**YOUR OBJECTIVE:** Your job is to set down the stretch of entries that opens with the line containing "Великоновосёлковское направление. ВС" and closes with the line containing "Ensemble de deux". Keep both end lines, copy each exactly, and add nothing.

:: PROVIDED DATA ::

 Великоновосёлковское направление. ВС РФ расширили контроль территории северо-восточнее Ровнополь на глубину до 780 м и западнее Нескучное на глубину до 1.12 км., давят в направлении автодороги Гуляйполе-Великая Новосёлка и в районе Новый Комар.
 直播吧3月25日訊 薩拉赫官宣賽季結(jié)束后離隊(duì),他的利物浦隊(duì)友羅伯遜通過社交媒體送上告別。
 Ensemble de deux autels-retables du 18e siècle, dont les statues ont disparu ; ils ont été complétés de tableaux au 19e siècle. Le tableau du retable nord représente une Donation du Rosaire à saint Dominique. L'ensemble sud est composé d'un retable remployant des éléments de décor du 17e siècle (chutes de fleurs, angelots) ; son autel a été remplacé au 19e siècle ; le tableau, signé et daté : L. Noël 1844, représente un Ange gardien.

:::
:: PROVIDED DATA ::

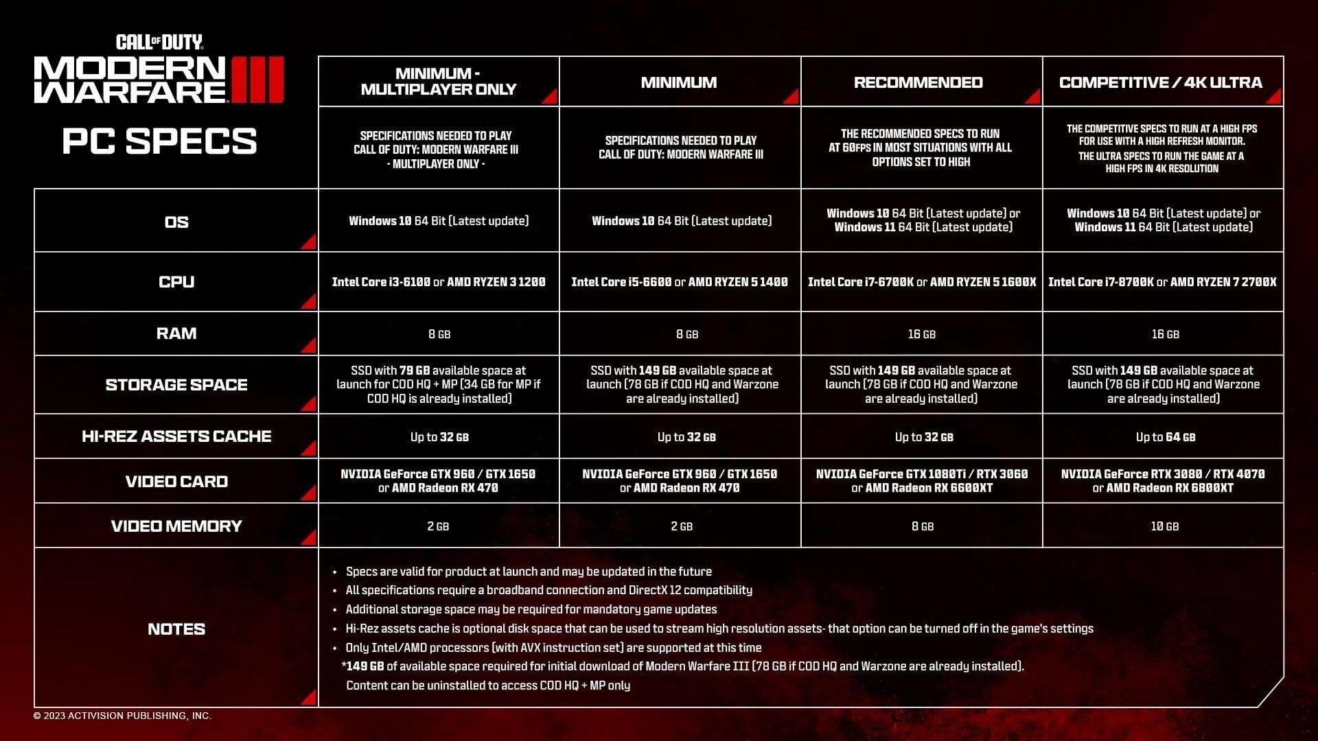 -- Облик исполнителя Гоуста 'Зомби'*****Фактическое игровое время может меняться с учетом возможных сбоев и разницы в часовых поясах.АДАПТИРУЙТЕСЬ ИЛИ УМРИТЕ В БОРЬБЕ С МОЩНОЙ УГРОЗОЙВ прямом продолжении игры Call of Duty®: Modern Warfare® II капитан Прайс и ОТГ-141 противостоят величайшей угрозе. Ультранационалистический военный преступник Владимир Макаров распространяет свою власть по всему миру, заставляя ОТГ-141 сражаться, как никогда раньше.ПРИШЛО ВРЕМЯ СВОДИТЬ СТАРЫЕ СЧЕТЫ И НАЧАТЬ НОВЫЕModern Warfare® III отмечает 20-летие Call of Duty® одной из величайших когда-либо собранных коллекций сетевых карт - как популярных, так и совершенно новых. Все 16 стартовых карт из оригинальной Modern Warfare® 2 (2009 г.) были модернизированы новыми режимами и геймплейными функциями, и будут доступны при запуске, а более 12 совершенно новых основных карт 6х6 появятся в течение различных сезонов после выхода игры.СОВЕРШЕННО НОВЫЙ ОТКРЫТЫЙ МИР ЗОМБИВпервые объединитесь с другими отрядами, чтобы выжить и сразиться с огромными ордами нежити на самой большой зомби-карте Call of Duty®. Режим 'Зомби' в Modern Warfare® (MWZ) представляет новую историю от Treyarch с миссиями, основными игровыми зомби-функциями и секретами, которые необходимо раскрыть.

:::

**ANSWER TO THE PROBLEM:**
 Великоновосёлковское направление. ВС РФ расширили контроль территории северо-восточнее Ровнополь на глубину до 780 м и западнее Нескучное на глубину до 1.12 км., давят в направлении автодороги Гуляйполе-Великая Новосёлка и в районе Новый Комар.
 直播吧3月25日訊 薩拉赫官宣賽季結(jié)束后離隊(duì),他的利物浦隊(duì)友羅伯遜通過社交媒體送上告別。
 Ensemble de deux autels-retables du 18e siècle, dont les statues ont disparu ; ils ont été complétés de tableaux au 19e siècle. Le tableau du retable nord représente une Donation du Rosaire à saint Dominique. L'ensemble sud est composé d'un retable remployant des éléments de décor du 17e siècle (chutes de fleurs, angelots) ; son autel a été remplacé au 19e siècle ; le tableau, signé et daté : L. Noël 1844, représente un Ange gardien.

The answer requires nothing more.